The HD designation usually implies that more attention was paid to the overall presentation to make it comparable to more modern releases. As far as audio goes, the game only scores a few victories. The music is nice and loud, and the instrumental rock and techno tracks are quite decent. There aren't any artists that'd be considered huge, but the vibe of each song is good. However, some of the sound effects can feel muted. The starting signal is barely audible, and the engine sounds don't have much variation. For a remaster, the audio could've been much better.
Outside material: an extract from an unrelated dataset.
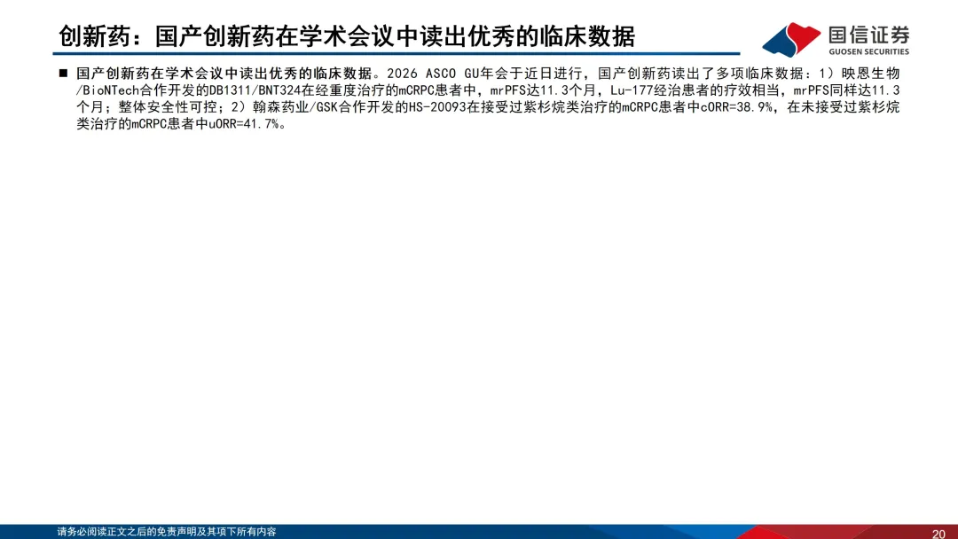 近期,国产创新药在学术会议上读出优秀的临床数据,建议关注二季度的ASCO等重磅学术会议。26Q1以来,国产创新药的出海趋势仍在继续,基于技术平台的多项目的合作协议表明了中国创新药的研发能力不断获得跨国药企的认可,中国创新药的效率优势、成本优势得到持续的体现。

Graphically, the presentation is both good and bad. The game runs at a crisp 60 fps at all times. It seems like it should hit that quite easily given how the game doesn't improve much on the vegetation or the sand in the environment. Some of the tire tracks have an odd discoloration, and the textures for some of the vehicles aren't as sharp, so it's difficult to discern some of the sponsor names. Interestingly, the whole game seems to have washed-out colors, so it doesn't look much different than the 2008 original.

Baja: Edge of Control HD is a decent, if uninspiring, racing title. The mechanics hearken back to a time when racing was simpler but the tracks can be boring with those mechanics in play. The modes are sparse, but they function well, and the presentation is decent, although it falls in the lower end of the spectrum for the current console generation. With the lack of competition in this field, Baja HD can look enticing, but don't expect it to compete with the bigger names in the genre.